Она так и не посмотрела на него, даже тогда, когда он шел к выходу из церкви и проходил мимо нее почти вплотную.
"Так городские барышни себя не ведут, - подумал Валентин. "Обычно они непременно стреляют в тебя глазками в ответ. А эта, ну прямо непорочная Дева Мария, даже посмотреть в мою сторону не хочет!"
Мы с Кариной продолжали напряженно молчать. Я глядел на полуразрушенную церковь и думал, до какого же состояния надо было довести народ, чтобы он отказался от своей Веры и 70 лет методично разрушал свои Храмы? К "Гелендвагену" подошел оборванный алкаш, постучал в затемненное окно и, всеми доступными способами изображая страдание, жестами попросил милостыню в граненый стакан. Меня покоробила его бесцеремонность, но еще больше мне стало неприятно оттого, что я не мог ему ничего дать, чтобы он отвязался. Несмотря на то, что я сидел в шикарной машине с кондиционером и прочими прибамбасами, я был почти такой же нищий, как и он. Единственной нашей разницей было то, что я стыдился и не афишировал свое положение, а он на нем спекулировал и, как мог, зарабатывал.

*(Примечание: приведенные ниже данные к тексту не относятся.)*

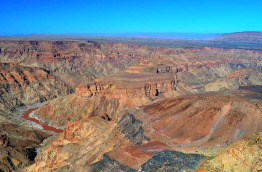 Puis à une dizaine de kilomètres, visitez Kolmanskop, un village fantôme au cœur du désert construit pour les chercheurs de diamants. Au début du XXème siècle, un riche gisement de diamants est découvert dans la région, Kolmanskop prospère jusqu’en 1930 puis connaît l’abandon total en 1954. Aujourd’hui, vous découvrez un village abandonné où les bâtiments, l’ancien hôpital et les maisons coloniales, ouverts aux quatre vents sont envahis par le sable du désert. Après ce détour jusqu’à l’océan, votre voyage se poursuit au cœur du deuxième plus grand canyon du monde, le Fish River Canyon. Un gigantesque ravin de 161 km de long sur 27 km de large et d’une profondeur de 550 mètres.

- Кто бы мне подал, - сказал я алкашу и добавил: "Иди, Бог подаст!"
В этот момент из церкви вышла моя соседка по дому в деревне. Ее звали Лида. Ее голова была убрана в белоснежный платок. Алкаш ринулся со стаканом к ней. Лида подала ему сколько-то мелочи и, не глядя в сторону, где стоял роскошный "Мерседес" с белым катером на прицепе, пошла по тропинке в сторону "Лучистого".
Валька считает себя отчаянным джипистом. Его сумасбродство проявляется в том, что он может позволить себе шарахаться по чудовищному бездорожью на дорогущем паркетном джипе, совершенно не приспособленном для этого. Он царапал его лакированные бока, буксовал и делал вмятины, и самым большим удовольствием для него было забраться в какую-нибудь безнадежную глухомань, и потом с помощью лебедки и "такой-то" матери полдня с мужеством выбираться. (Он ездил в прошлом году на кэмел-трофи где-то в Австралии и совершенно напрасно заплатил за это бешенные деньги, потому что бездорожье Австралии - это детский лепет по сравнению с нашим!)
Мы проезжали по полю мимо пасущихся коров. Одна из них повернулась к нам задом и выдала пару сочных лепешек. Валька увидел это и, глубоко вдыхая воздух, закричал: "Вот он! Блаженный русский дух! Как там у Пушкина? Здесь Русь, здесь Русью пахнет!"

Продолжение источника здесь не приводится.